转变您的数据分析:在 5 个步骤中使用 Crew AI 多代理系统构建交互式可视化应用程序
import os
import re
import sqlite3
import warnings
import dotenv
import streamlit as st
import pandas as pd
from src.logo_title import logo_title
### Crew AI + Tools imports
from crewai import Agent, Crew, Process, Task
from crewai.tools import tool
from langchain_openai import ChatOpenAI
### SQL Tools from langchain_community
from langchain_community.tools.sql_database.tool import (
InfoSQLDatabaseTool,
ListSQLDatabaseTool,
QuerySQLCheckerTool,
QuerySQLDataBaseTool,
)
from langchain_community.utilities.sql_database import SQLDatabase
warnings.filterwarnings("ignore", category=UserWarning, module="pydantic")

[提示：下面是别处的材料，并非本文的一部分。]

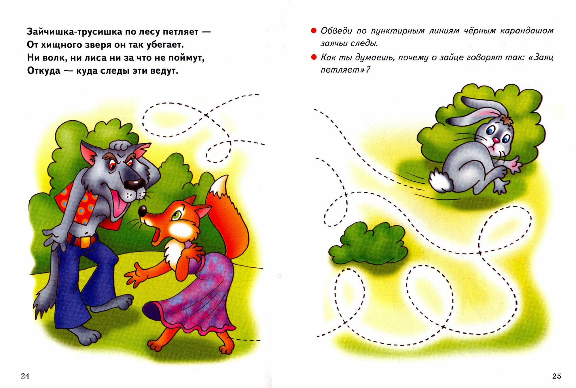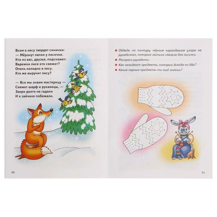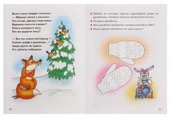 Всего где-то 25 картинок, которые нужно обвести по пунктирной линии. Есть простые контуры(дорожку нарисовать), есть сложные контуры(звездочки на варежках). Все же не все задания расположены в порядке усложнения контура. Задание идет на разворот. Слева к заданию стишок, на весь разворот цветная картинка, обвести по контуру и закрасить нужно всего один предмет(листик, солнышко, тучку). Еще есть вопросы, типа «какие ядовитые грибы ты знаешь?».
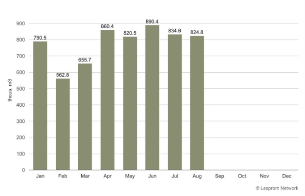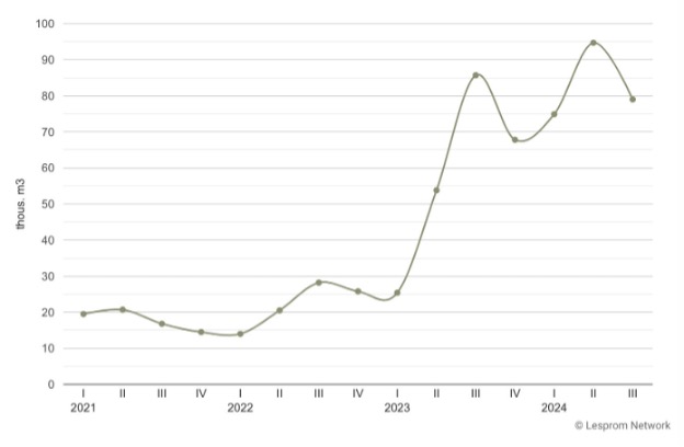 Russia’s hardwood plywood exports to China from January 2021 to August 2024
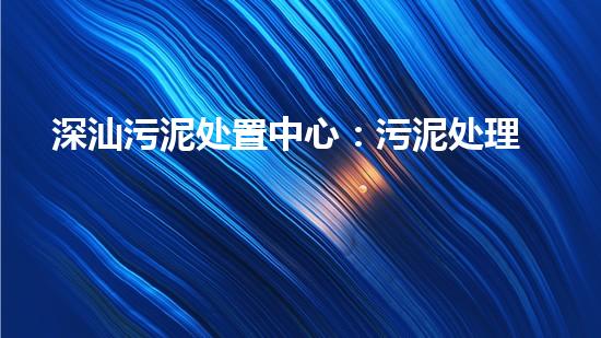深汕污泥处置中心:污泥处理的前沿技术和应用
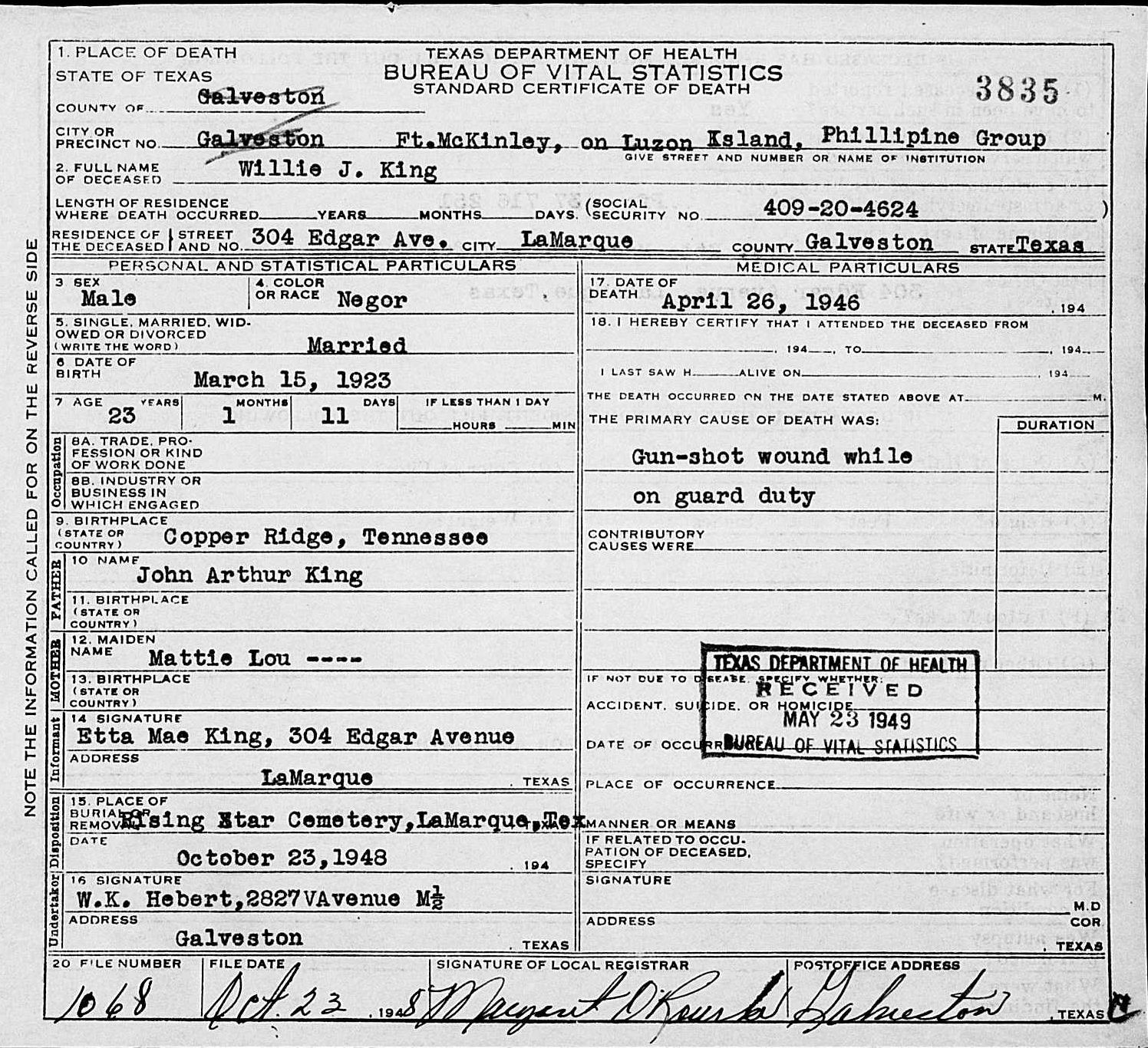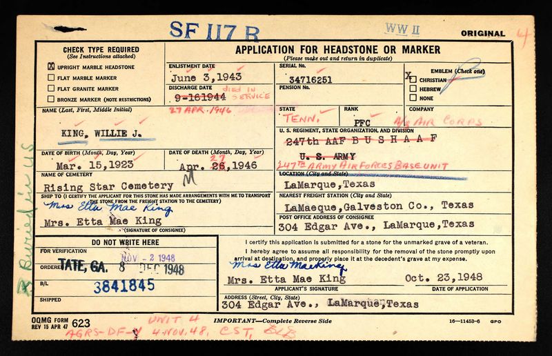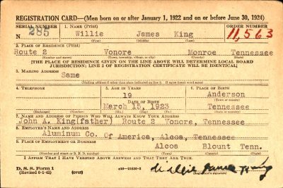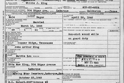 Willie James King was born in Copper Ridge, Tennessee, the son of John Arthur and Mattie Lou King. He was shot while on guard duty and died of his wouds on 26 April 1946 at Fort McKinley on Luzon Island, Philippines. He is buried at Rising Star Cemetery, LaMarque, TX
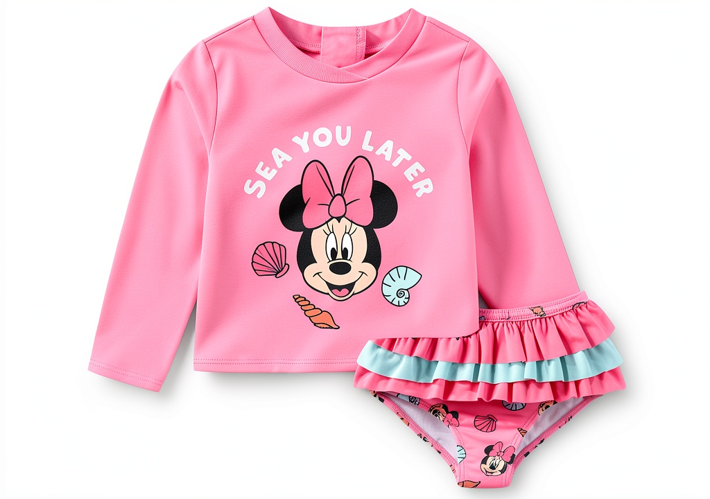 Ideal for infants aged 12 to 24 months, this rash guard set is perfect for summer vacations, beach days, surfing, and swimming adventures. The long sleeves provide added sun protection, allowing for endless fun in the sun without worries. Pair it with Minnie Mouse accessories like towels, sunglasses, slippers, and backpacks for a complete, coordinated look that makes dressing easy and hassle-free.
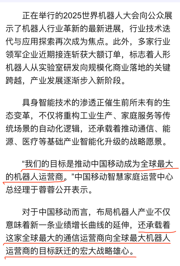 中国移动:全球最大的通信运营商(稳定的基础)+目标成为全球最大的机器人运营商(万
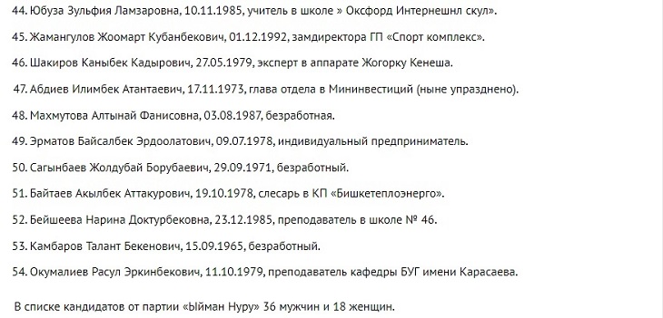 В целом в партии много экспертов из Жогорку Кенеша и бывших госслужащих. Остальные персоны, скорее, включены в список политобъединения для формирования гендерной и национальной квоты.

### Load Environment Variables
dotenv.load_dotenv()
openai_api_key = os.getenv("OPENAI_API_KEY", "")
说明:
- 环境变量: 我们使用
dotenv
加载敏感的 API 密钥。 - Crew AI 和 LangChain: 这些库为我们的代理提供了 GPT-4 的支持,从而实现了自然语言处理,用于 SQL 生成、分析和可视化。
2. 使用正则表达式提取代码块
我们创建一个辅助函数,用于从用三个反引号包裹的文本中提取 Python 代码。当 AI 代理返回代码片段时,这很有用。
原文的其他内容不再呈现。